------ DATASET EXCERPT

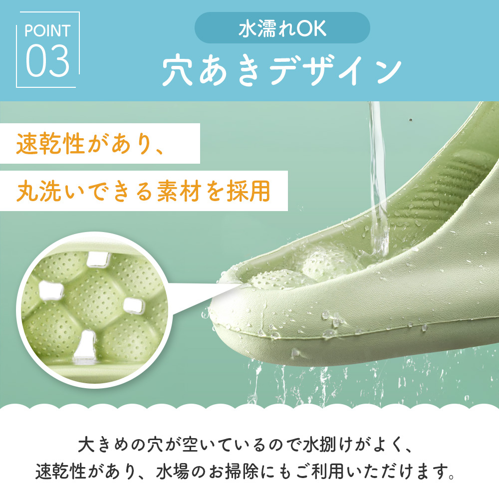 サンダルの底に大きめの穴が空いており、水場のお掃除やベランダでも大活躍
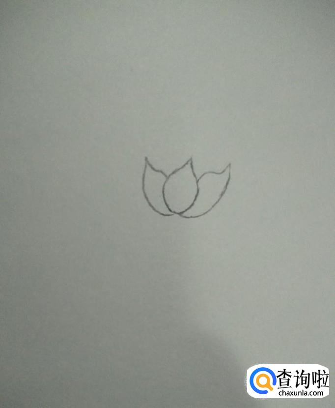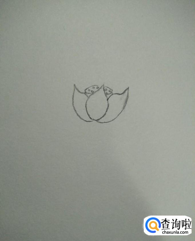 然后在其两边分别画一片花瓣,如下图所示,两片花瓣呈"对称"式。
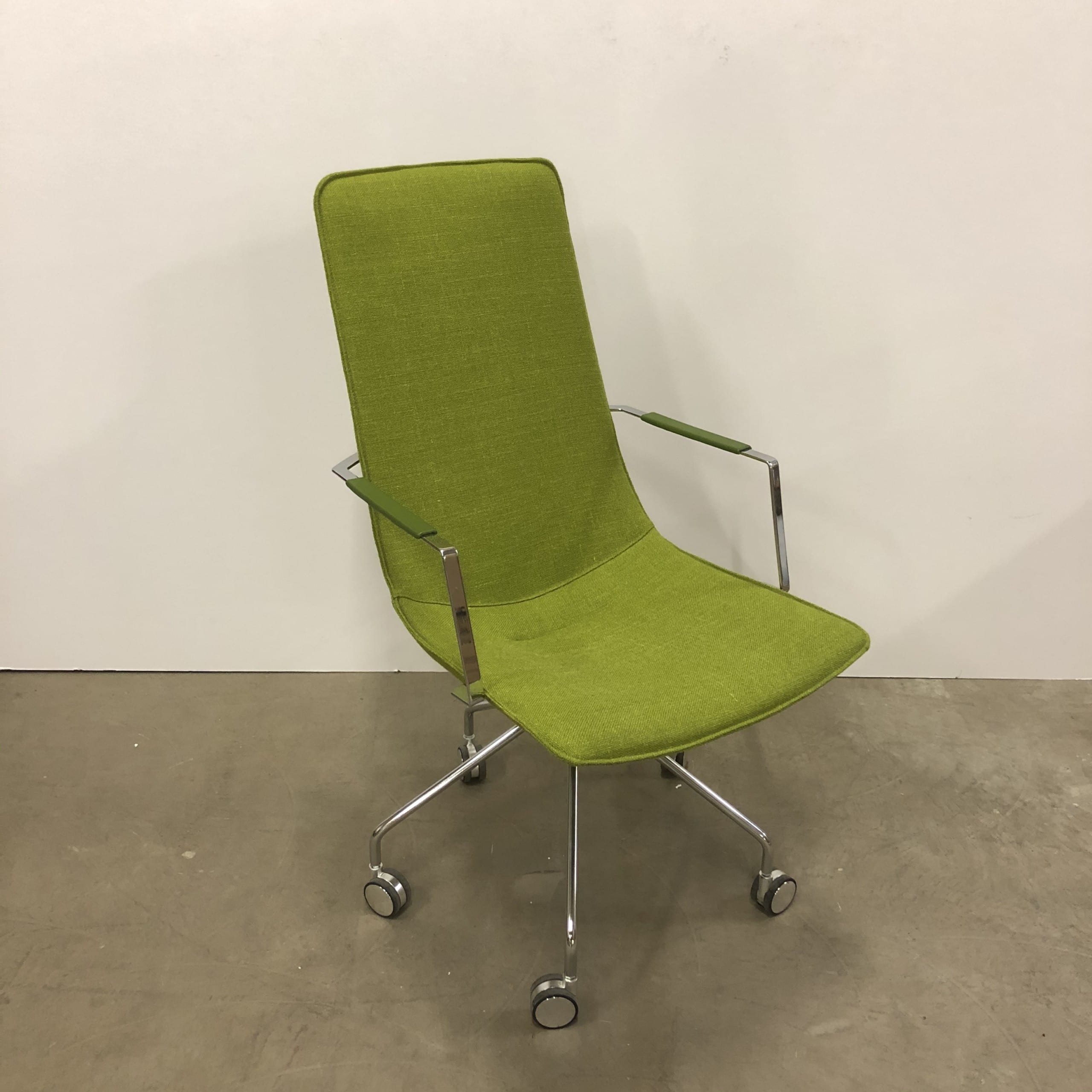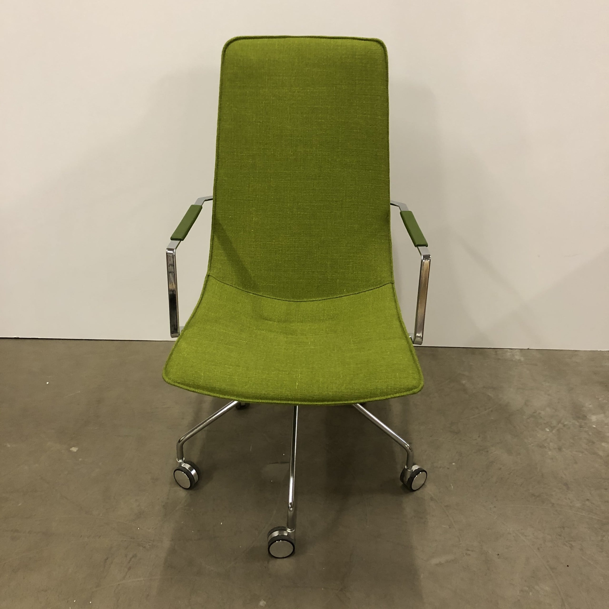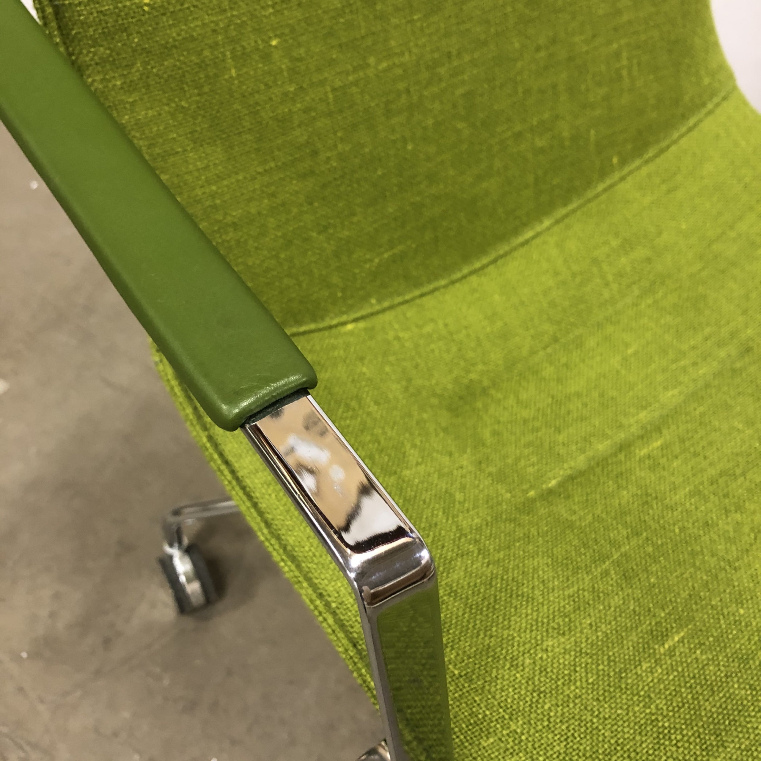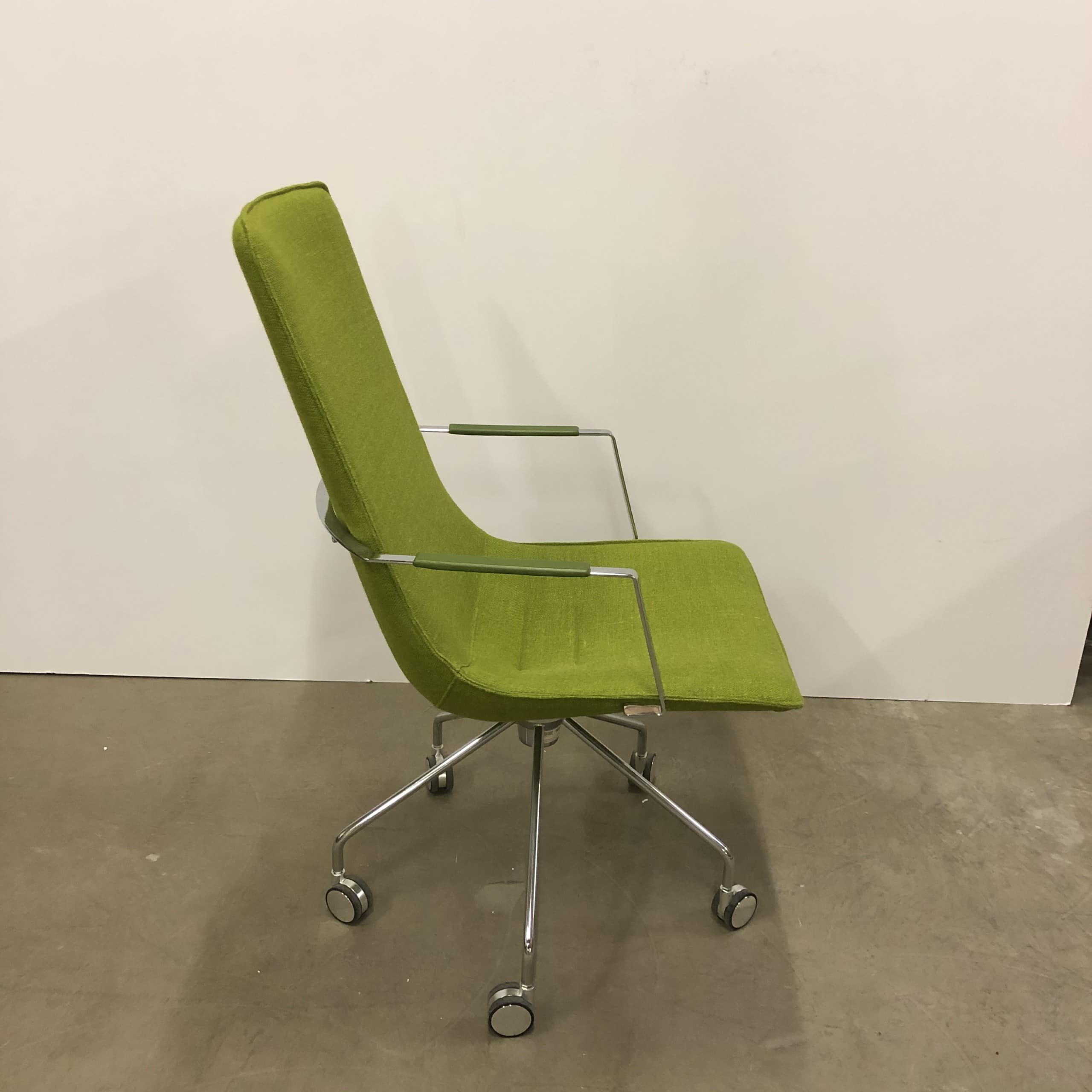 Seat and backrest in fabric (green). Star base in metal (chrome).

------------

PROBLEM DESCRIPTION: Repeat the material above in full and unchanged, minus its images.

EXERCISE SOLUTION:
 サンダルの底に大きめの穴が空いており、水場のお掃除やベランダでも大活躍
 然后在其两边分别画一片花瓣,如下图所示,两片花瓣呈"对称"式。
 Seat and backrest in fabric (green). Star base in metal (chrome).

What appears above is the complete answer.